O Que Dizer? [VÍDEO]

O que dizer ou escrever quando o Vitória sofre quatro golos sem resposta no terreno do seu maior rival?

O que dizer quando a superioridade adversária foi tão clara que qualquer argumento para a refutar cai pela base?

O que dizer quando o guarda redes do clube, por usar palavras bonitas, ganha um estatuto de intocável e na hora da verdade claudica sempre, como já acontecera na final da Taça?

O que dizer de duas saídas suicidas que comprometeram todo e qualquer plano de jogo, em contraponto com a defesa do guardião contrário que evitou, no momento, o empate a um?
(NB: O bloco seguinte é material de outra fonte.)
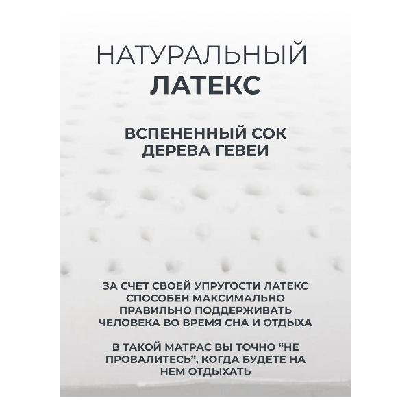 В основе матраса лежит блок современного пенополиуретана толщиной 14 сантиметров. С этой стороны изделие имеет среднюю жесткость. С другой стороны проложено два слоя — рельефный пенополиуретан, который служит для точечного воздействия на тело человека и слой натурального латекса, который и дает матрасу умеренно-мягкий эффект спальной поверхности. Латекс упруг, но в то же время и эластичен — он способен подстраиваться под рельеф спящего человека, делая отдых на такой поверхности максимально расслабляющим.

O que dizer quando o defesa central, Freire, useiro e vezeiro em infantilidades, continua a merecer a confiança dos treinadores que por Guimarães vão passando e jovens como Vítor Bastos, Paulo Oliveira, Gonçalo ou Josué penam por divisões inferiores?
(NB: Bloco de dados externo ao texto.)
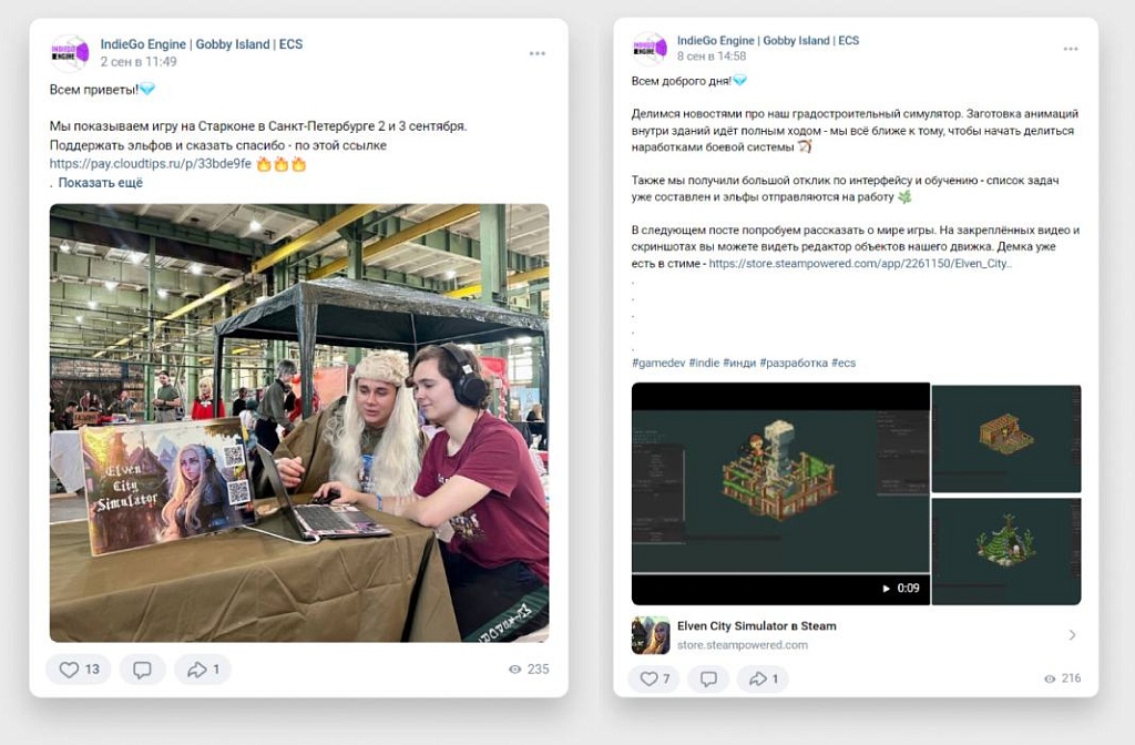 Здесь создатели не просто показывают стадии разработки, но и делятся событиями, чтобы желающие могли прийти и познакомиться с игрой

O que dizer quando esse Freire é substituído pelo sobrevalorizado N’Diaye que consegue arranjar uma grande penalidade para o adversário quando o avançado se encontra de costas para a baliza?

O que dizer quando o defesa lateral, Bruno Teles, perde todos os lances de um contra um, originando num deles o último golo adversário?

O que dizer quando o nosso meio campo é portador de uma suavidade mais acentuada que um qualquer amaciador para a roupa?

O que dizer quando Olímpio que não conseguiu fazer um passe de relevo durante o jogo, inventa um, no final do jogo, de ruptura para o avançado contrário rematar ao poste?

O que dizer quando o nosso avançado, a um metro da baliza com ela escancarada e com o jogo, ainda, em dois a zero, consegue rematar contra o único oponente presente?

O que dizer quando os suplentes parecem entrar com azia por o serem e nada de novo trazem ao jogo?

O que dizer quando um clube, presentemente, nem sequer tem direcção, ou a mesma é fantasma?

O que dizer quando se compete com um clube pujante, a crescer, e sentimos que mais que o jogo, o nosso problema é o futuro e se para o ano poderemos estar a competir no mesmo escalão que o nosso crónico rival?

O que dizer quando um produto da nossa formação festeja um golo como, ontem, festejou, demonstrando um ódio e uma raiva incompreensível por quem o formou como homem, ainda que como ontem se viu tenha fracassado nesse objectivo já que de homem tem muito pouco?

Simplesmente, uma coisa…

Não fossem os adeptos que venceram o desafio na bancada e o Vitória estaria a um passo da cova… assim, continue a valer-nos o imenso capital humano que carrega este clube…o nosso clube… para acreditarmos que o pantanal que nos colocaram vai ser ultrapassado!

Cabe-nos a nós, também, lutar por isso… e mostrar, que hoje, mais do que nunca faz sentido dizer: ACONTEÇA O QUE ACONTECER SOMOS VITÓRIA ATÉ MORRER!